1. Memanfaatkan Secara Maksimal Proses Pengendalian Alami oleh Patogen Hama

Ada banyak jenis patogen seperti virus dan jamur yang mampu menekan populasi hama secara alami sehingga populasi tetap berada di bawah aras ekonomi. Kita harus menjaga 53 ekosistem sedemikian rupa sehingga patogen dapat melaksanakan fungsinya secara density dependent. Untuk itu keadaan dan perkembangan patogen hama yang penting perlu terus dipantau dan menjaga tindakan-tindakan yang mengurangi berfungsinya patogen hama dapat dibatasi sekecil mungkin. Salah satu tindakan yang merugikan adalah penggunaan pestisida. Oleh karena itu pestisida sebaiknya hanya digunakan apabila berbagai agens pengendalian alami termasuk patogen hama tidak mampu menghentikan laju peningkatan populasi hama yang berhasil melampaui Ambang Pengendalian.
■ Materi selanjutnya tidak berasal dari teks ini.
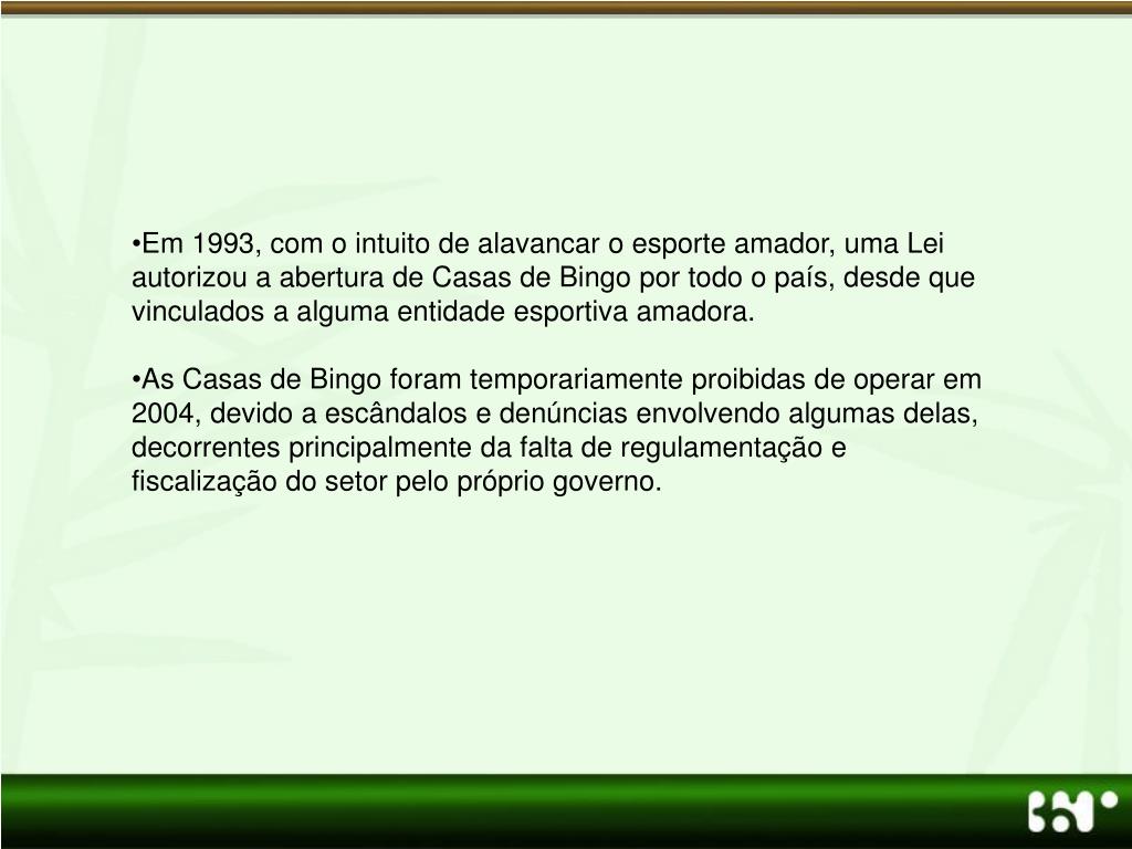 Em 1993, com o intuito de alavancar o esporte amador, uma Lei autorizou a abertura de Casas de Bingo por todo o país, desde que vinculados a alguma entidade esportiva amadora. • As Casas de Bingo foram temporariamente proibidas de operar em 2004, devido a escândalos e denúncias envolvendo algumas delas, decorrentes principalmente da falta de regulamentação e fiscalização do setor pelo próprio governo.

2. Introduksi dan Aplikasi Patogen Hama sebagai Faktor Mortalias Tetap

Prinsip penggunaan patogen hama di sini sama dengan introduksi serangga parasitoid atau predator untuk menekan populasi hama untuk jangka waktu yang panjang. Caranya adalah dengan memasukkan dan menyebarkan patogen pada suatu ekosistem sedemikian rupa sehingga patogen tersebut mantap di ekosistem yang baru ini sehingga kemudian menjadi faktor mortalitas tetap bagi spesies hama yang dikendalikan. Cara ini yang paling berhasil dilakukan untuk mengendalikan hama yang nilai Ambang Pengendalian atau Ambang Ekonomi cukup tinggi karena untuk pengembangan permulaan bagi patogen diperlukan kepadatan populasi inang yang cukup.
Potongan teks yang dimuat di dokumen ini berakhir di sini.